Work item — The line with "3dRose cst_173284_1 In" starts the range, and the last line of the listing ends it. Retype that range exactly, without pictures.

Exercise data —
++++++

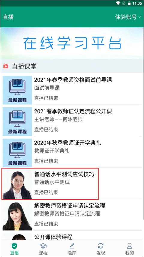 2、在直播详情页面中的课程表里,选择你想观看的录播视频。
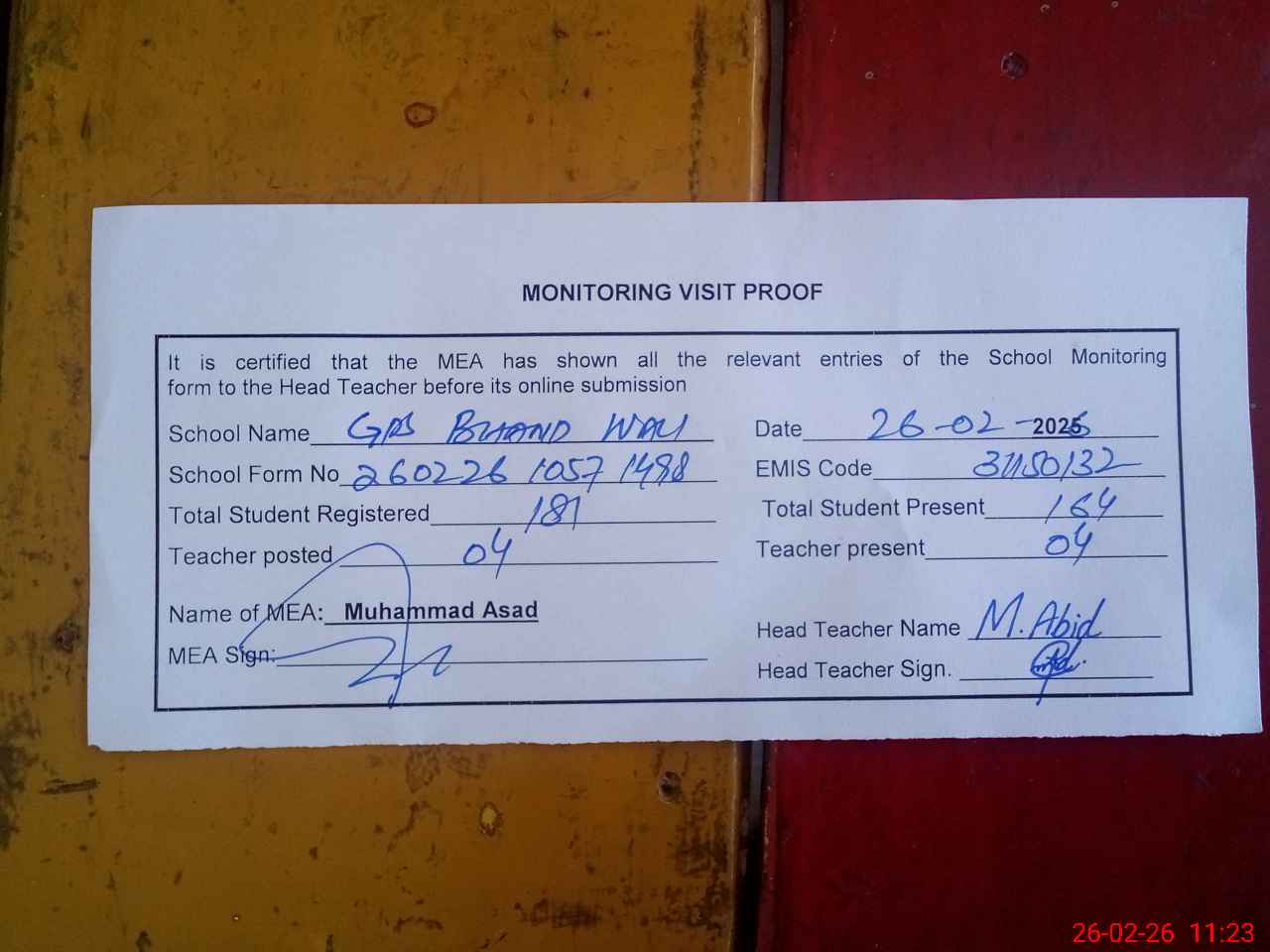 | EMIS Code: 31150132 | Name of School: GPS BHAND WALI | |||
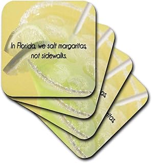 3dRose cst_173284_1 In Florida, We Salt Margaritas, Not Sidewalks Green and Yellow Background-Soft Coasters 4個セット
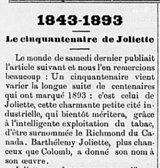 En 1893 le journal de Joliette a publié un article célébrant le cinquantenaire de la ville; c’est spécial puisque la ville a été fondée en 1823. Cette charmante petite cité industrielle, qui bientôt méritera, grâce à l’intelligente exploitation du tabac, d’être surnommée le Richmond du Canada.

++++++

Answer area —
 3dRose cst_173284_1 In Florida, We Salt Margaritas, Not Sidewalks Green and Yellow Background-Soft Coasters 4個セット
 En 1893 le journal de Joliette a publié un article célébrant le cinquantenaire de la ville; c’est spécial puisque la ville a été fondée en 1823. Cette charmante petite cité industrielle, qui bientôt méritera, grâce à l’intelligente exploitation du tabac, d’être surnommée le Richmond du Canada.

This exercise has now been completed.